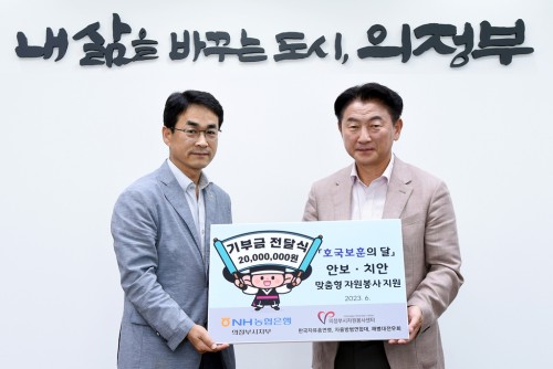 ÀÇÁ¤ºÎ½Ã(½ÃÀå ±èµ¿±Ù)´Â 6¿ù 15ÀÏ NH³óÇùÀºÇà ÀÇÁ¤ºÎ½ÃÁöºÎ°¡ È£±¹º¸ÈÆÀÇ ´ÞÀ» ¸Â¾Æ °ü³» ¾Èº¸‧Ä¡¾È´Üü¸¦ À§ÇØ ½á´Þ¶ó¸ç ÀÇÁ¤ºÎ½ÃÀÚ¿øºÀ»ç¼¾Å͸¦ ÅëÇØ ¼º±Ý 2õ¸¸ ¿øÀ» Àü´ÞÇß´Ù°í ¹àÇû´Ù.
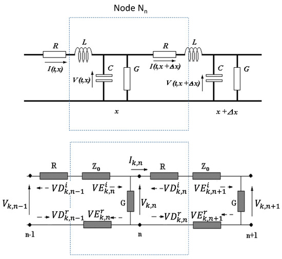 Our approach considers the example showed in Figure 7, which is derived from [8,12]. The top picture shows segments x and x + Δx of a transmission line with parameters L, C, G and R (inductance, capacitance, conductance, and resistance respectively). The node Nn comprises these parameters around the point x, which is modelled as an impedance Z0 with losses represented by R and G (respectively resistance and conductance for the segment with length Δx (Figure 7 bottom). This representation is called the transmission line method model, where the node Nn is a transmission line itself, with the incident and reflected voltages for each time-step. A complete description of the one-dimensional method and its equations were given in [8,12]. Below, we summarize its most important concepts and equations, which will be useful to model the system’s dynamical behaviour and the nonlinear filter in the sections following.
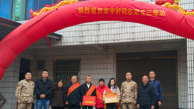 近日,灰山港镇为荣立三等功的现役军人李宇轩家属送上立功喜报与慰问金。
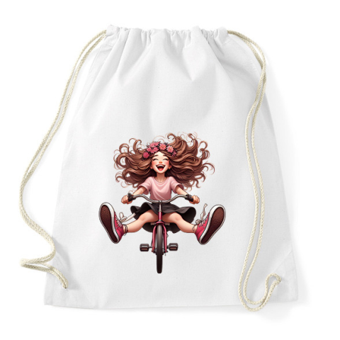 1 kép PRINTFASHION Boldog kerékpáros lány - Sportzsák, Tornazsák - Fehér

---

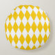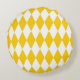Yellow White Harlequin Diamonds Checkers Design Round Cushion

==

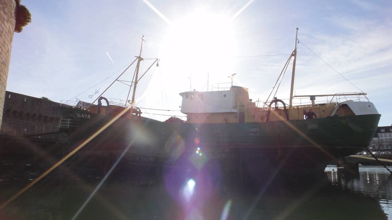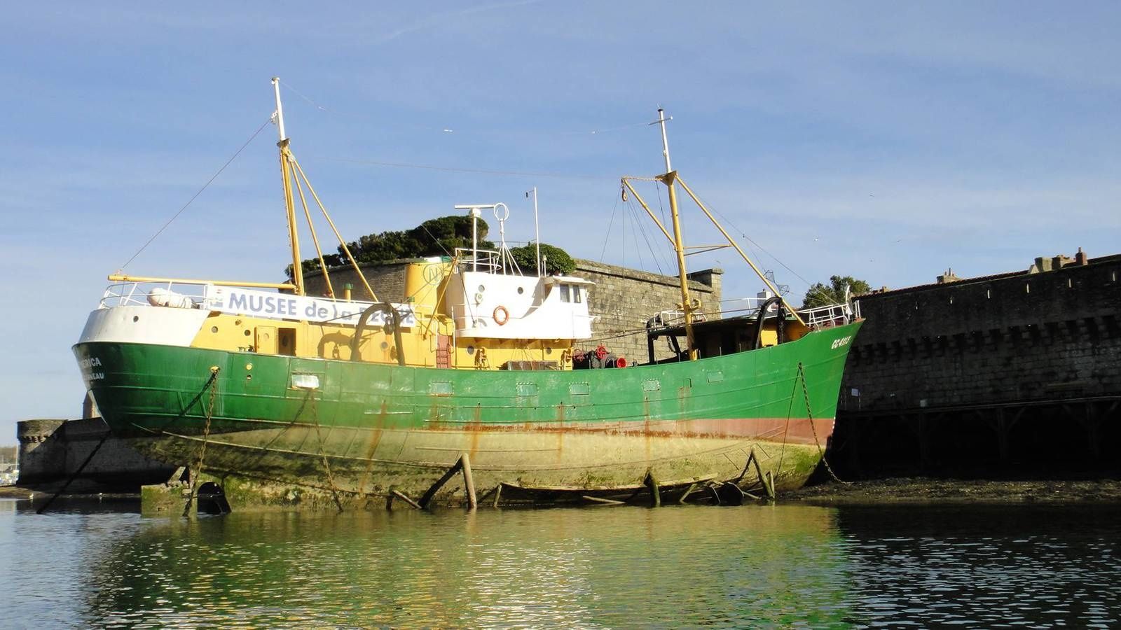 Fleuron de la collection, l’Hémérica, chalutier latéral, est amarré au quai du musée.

TRY IT:
Copy exactly, without pictures, the lines above from the one with "Our approach considers" down to the one with "1 kép PRINTFASHION", inclusive.

OUTPUT:
 Our approach considers the example showed in Figure 7, which is derived from [8,12]. The top picture shows segments x and x + Δx of a transmission line with parameters L, C, G and R (inductance, capacitance, conductance, and resistance respectively). The node Nn comprises these parameters around the point x, which is modelled as an impedance Z0 with losses represented by R and G (respectively resistance and conductance for the segment with length Δx (Figure 7 bottom). This representation is called the transmission line method model, where the node Nn is a transmission line itself, with the incident and reflected voltages for each time-step. A complete description of the one-dimensional method and its equations were given in [8,12]. Below, we summarize its most important concepts and equations, which will be useful to model the system’s dynamical behaviour and the nonlinear filter in the sections following.
 近日,灰山港镇为荣立三等功的现役军人李宇轩家属送上立功喜报与慰问金。
 1 kép PRINTFASHION Boldog kerékpáros lány - Sportzsák, Tornazsák - Fehér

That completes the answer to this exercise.